> [WORK INSTRUCTIONS]:
Below are the records; give again exactly the lines from the one containing "УЦЕНКА Новогодний подарочный" through the one containing "今日は今年度最後の児童集会で", leaving out pictures.

[[ RECORDS TO USE open ]]

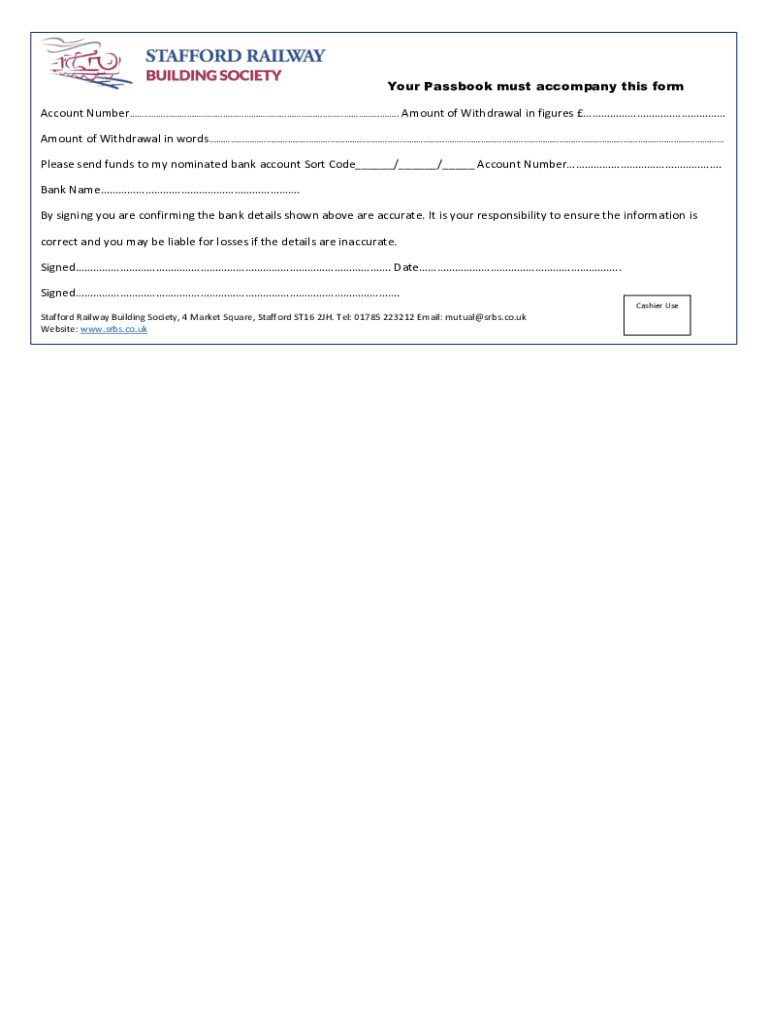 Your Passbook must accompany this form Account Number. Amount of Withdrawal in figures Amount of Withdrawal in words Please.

[[ RECORDS TO USE closed ]]
[[ RECORDS TO USE open ]]

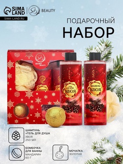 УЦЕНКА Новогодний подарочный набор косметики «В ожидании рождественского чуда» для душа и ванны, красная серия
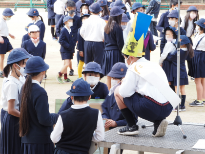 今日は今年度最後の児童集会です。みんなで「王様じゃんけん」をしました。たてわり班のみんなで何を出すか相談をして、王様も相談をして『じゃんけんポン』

[[ RECORDS TO USE closed ]]

> [RESULT OF THIS EXERCISE]:
 УЦЕНКА Новогодний подарочный набор косметики «В ожидании рождественского чуда» для душа и ванны, красная серия
 今日は今年度最後の児童集会です。みんなで「王様じゃんけん」をしました。たてわり班のみんなで何を出すか相談をして、王様も相談をして『じゃんけんポン』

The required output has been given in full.